Therapy for Chronic Pain and Illness Available Throughout the U.S.

Chronic Pain: Tending to Your Internal Landscape

Maybe you’re constantly reminded of everything you can’t do anymore. You spend your days mourning the vibrant life you had before the pain, or before the diagnosis. You’re exhausted by medical gaslighting—tired of being treated like a machine with a broken part by a system that doesn't see the person inside.

When you live with chronic pain, it feels like your world is shrinking. You aren't just "in pain." Your entire system is stuck in Survival Mode.

Chronic pain and illness don’t have to be your whole identity.

It’s just one part of your landscape. We can help you reshape your life.

Chronic Pain & Illness: Finding Your Way Back to the Open Field

If you live with chronic pain, you are likely exhausted, not just from the symptoms, but from a medical system that treats you like a broken machine. You’ve been gaslit, told your tests are "normal," and left to figure out the rest on your own.

I’ve been there. In 2022, I was diagnosed with Ankylosing Spondylitis (AS). I know what it’s like to feel like your body has staged a rebellion. But I also know that recovery doesn't come from "fixing a part," it comes from understanding your unique mental, physical, and environmental landscape.

A Different Approach to Healing

In my practice, we view your health holistically, as a landscape we map together. We move away from "managing" symptoms and focus on systemic stability.

1. Mapping the "Crash"

Think of your health as a marble on a hill. When you’re stuck in a cycle of pain and fatigue, you are balancing on a narrow ridge. One small stressor, a bad night’s sleep or a busy afternoon, sends that marble rolling into a "Crash Valley." This isn't a failure; it’s a way of forcing you to stay still so it can protect you.

2. Identifying the "Rumble"

Before a crash happens, your body sends out signals, a systemic "hum" or “rumble.” We work together to identify these early warning signs so you can step back before the marble falls.

3. Using Your Landscaping Tools

We look at your whole life (your environment, your history, and your daily habits) to find the tools that make your healthy ground flatter and wider. This is the Person-in-Environment approach: making your world work for your mind and body, not fight against it.

From Survival to Function

Chronic pain is a state of survival. My goal is to help you move back into a state of function, where you have the energy to engage with your life again.

I don’t promise a "cure," but I can help you create your own map and the tools to navigate it.

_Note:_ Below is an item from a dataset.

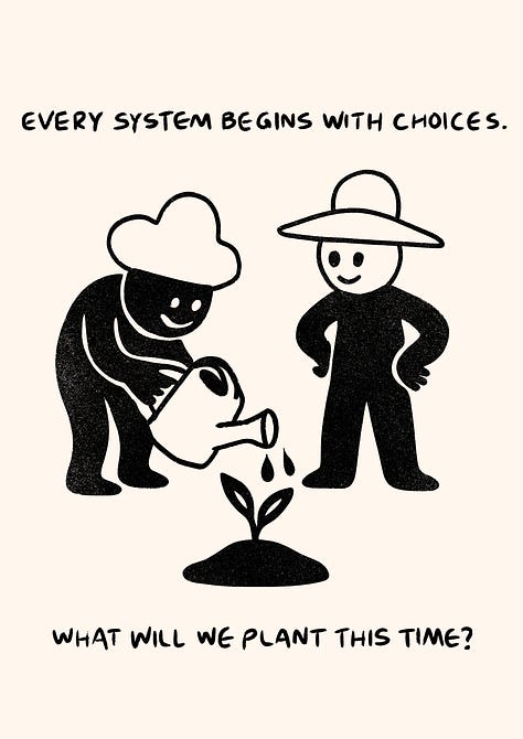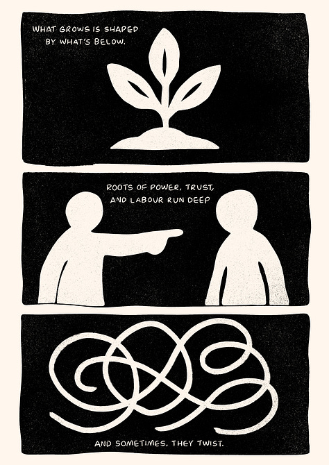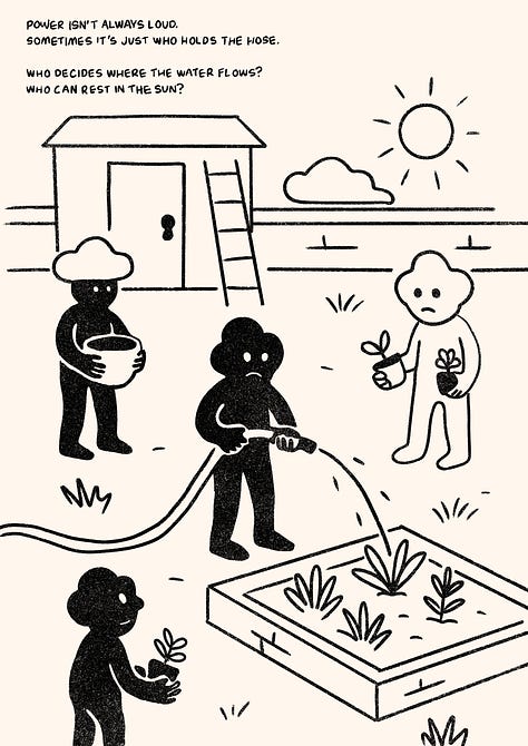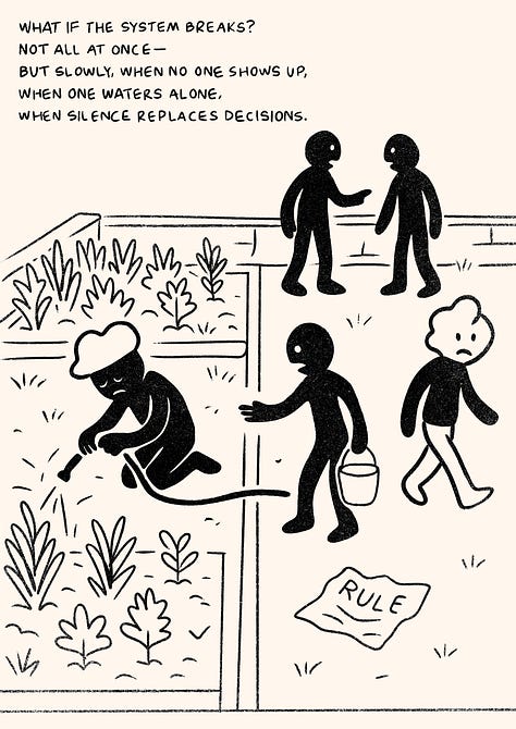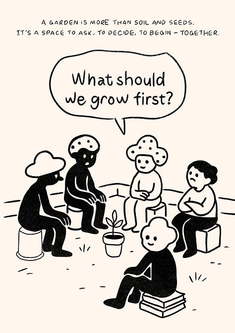 We talked about food. About commons. About how power flows in subtle ways; who holds the hose, who makes the rules and who quietly stops showing up.

You have spent enough time fighting your body; it’s time to start working with it.

FAQs

Q. "Is this just 'Mind-Over-Matter' or positive thinking?"

No. In fact, it’s the opposite. Chronic pain is a physical reality in your body’s "soil." We don't try to "think" the pain away; we look at the physical and environmental conditions that are making your system feel unsafe. We work on the Landscape, not just the thoughts.

Q. "My doctors say my tests are normal. How can you help?"

Standard medical tests are great at looking for "broken parts," but they often miss the "System Rumble." You can have a perfectly healthy spine and still be stuck in a Crash Valley because your nervous system is prioritizing survival over function. I help you address the system as a whole, rather than just waiting for a test to show a "break."

Q. "How is this different from regular talk therapy?"

In standard therapy, we might talk about your past or your coping skills. In our sessions, we act as Landscapers. We look at your "Person-in-Environment" - how your home, work, history, and biology are all interacting. We identify the specific tools you can use to stabilize your system and prevent the next crash.

Q. "I have a specific diagnosis (like ME/CFS or Fibro). Will this work for me?"

Yes. As someone living with Ankylosing Spondylitis, I understand that specific diagnoses come with physical "path-dependence" - your body has a history it is responding to. We don't ignore your diagnosis; we use it as a map to understand your system’s unique limits and strengths.

Q. "What if I'm currently in a 'Crash'?"

Then that is exactly where we start. We don't wait for you to feel better to do the work. We use that time to identify what pushed the "marble" into the valley and what gentle tools we can use to help you climb back out safely.